(WORKING DATA begins)

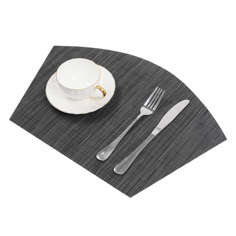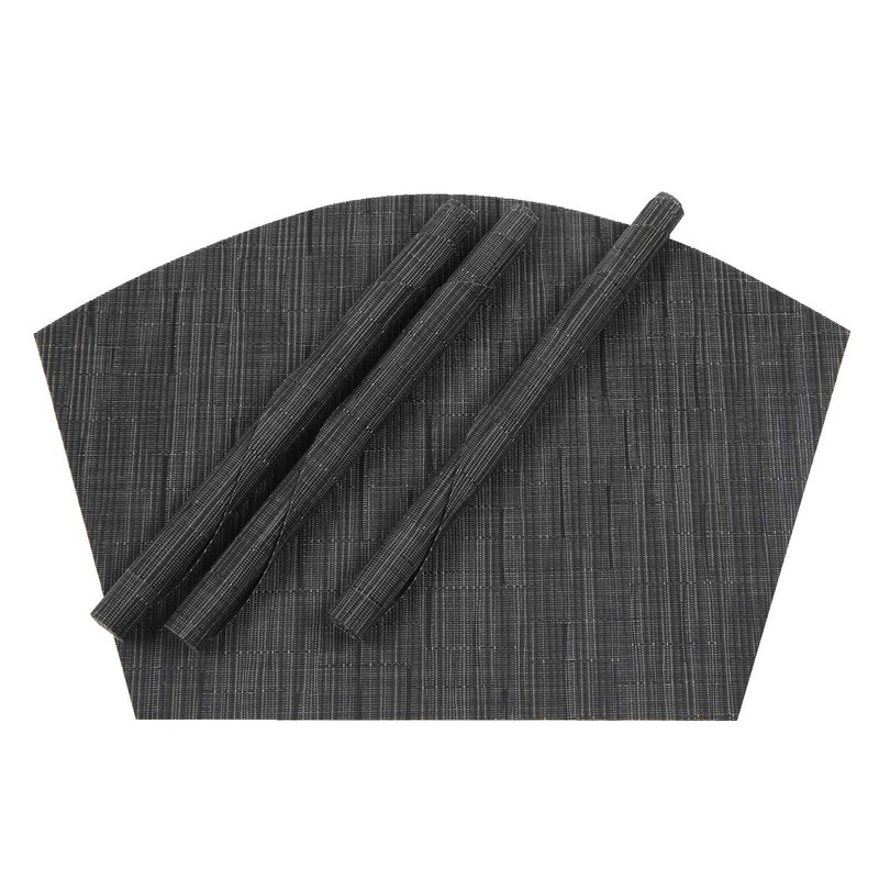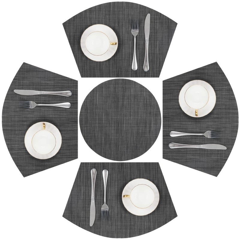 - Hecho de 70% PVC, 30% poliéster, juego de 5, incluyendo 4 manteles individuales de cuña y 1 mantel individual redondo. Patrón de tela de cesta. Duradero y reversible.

(WORKING DATA ends)
(WORKING DATA begins)

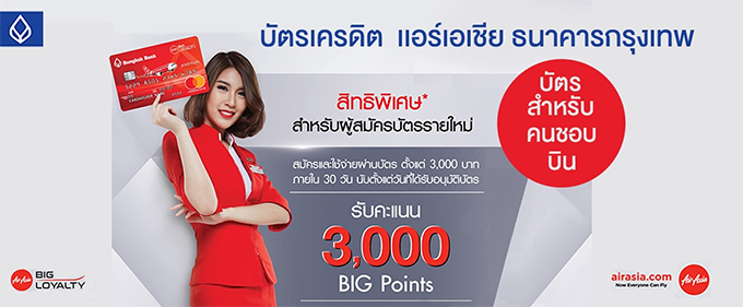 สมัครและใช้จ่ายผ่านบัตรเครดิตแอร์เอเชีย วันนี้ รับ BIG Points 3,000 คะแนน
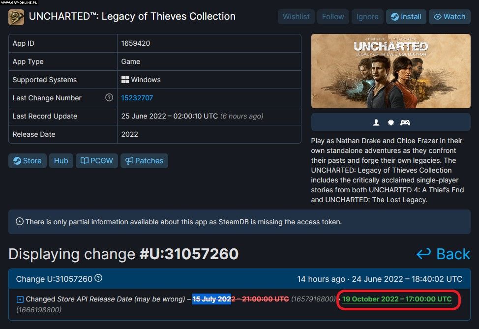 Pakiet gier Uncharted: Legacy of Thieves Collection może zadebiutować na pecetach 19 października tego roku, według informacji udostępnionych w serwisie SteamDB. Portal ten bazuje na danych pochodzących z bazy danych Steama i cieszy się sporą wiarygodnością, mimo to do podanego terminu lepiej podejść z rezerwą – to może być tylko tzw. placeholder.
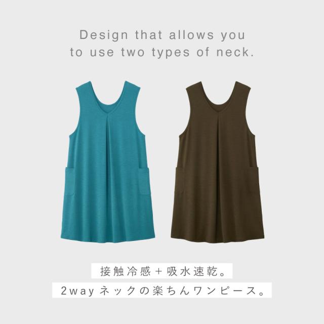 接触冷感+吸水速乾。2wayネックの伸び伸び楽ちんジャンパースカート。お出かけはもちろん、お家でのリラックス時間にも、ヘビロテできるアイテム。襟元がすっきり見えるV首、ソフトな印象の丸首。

(WORKING DATA ends)
(WORKING DATA begins)

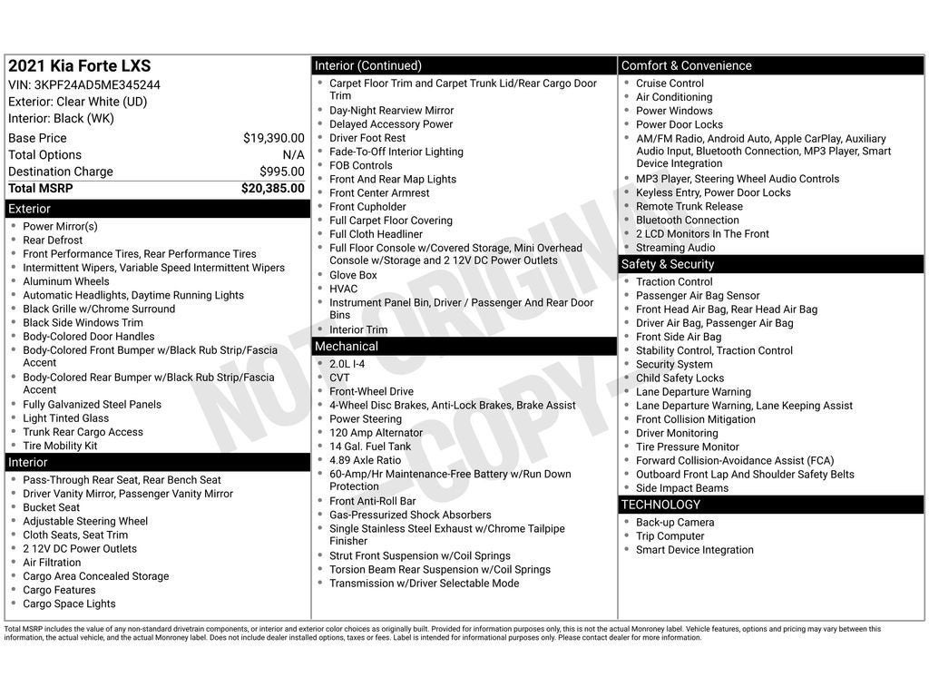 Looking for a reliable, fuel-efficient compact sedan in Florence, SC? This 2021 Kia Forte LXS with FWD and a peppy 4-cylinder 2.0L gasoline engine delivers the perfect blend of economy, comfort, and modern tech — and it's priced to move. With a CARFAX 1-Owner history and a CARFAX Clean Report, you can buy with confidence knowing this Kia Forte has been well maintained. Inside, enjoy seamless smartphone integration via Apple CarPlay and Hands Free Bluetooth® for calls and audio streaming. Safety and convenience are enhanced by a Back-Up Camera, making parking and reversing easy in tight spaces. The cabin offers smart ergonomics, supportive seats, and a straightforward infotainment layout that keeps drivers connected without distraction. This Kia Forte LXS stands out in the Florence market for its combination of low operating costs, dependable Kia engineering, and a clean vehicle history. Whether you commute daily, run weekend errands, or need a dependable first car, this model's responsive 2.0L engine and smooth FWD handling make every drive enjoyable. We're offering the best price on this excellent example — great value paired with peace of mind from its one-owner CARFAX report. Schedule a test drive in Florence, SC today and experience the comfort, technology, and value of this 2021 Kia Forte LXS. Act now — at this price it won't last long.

(WORKING DATA ends)

■ **EXERCISE DETAILS**:
Exact copy, pictures excluded: from the line with "Pakiet gier Uncharted: Legacy" up to and including the line with "接触冷感+吸水速乾。2way" in the data above.

■ **TASK ANSWER**:
 Pakiet gier Uncharted: Legacy of Thieves Collection może zadebiutować na pecetach 19 października tego roku, według informacji udostępnionych w serwisie SteamDB. Portal ten bazuje na danych pochodzących z bazy danych Steama i cieszy się sporą wiarygodnością, mimo to do podanego terminu lepiej podejść z rezerwą – to może być tylko tzw. placeholder.
 接触冷感+吸水速乾。2wayネックの伸び伸び楽ちんジャンパースカート。お出かけはもちろん、お家でのリラックス時間にも、ヘビロテできるアイテム。襟元がすっきり見えるV首、ソフトな印象の丸首。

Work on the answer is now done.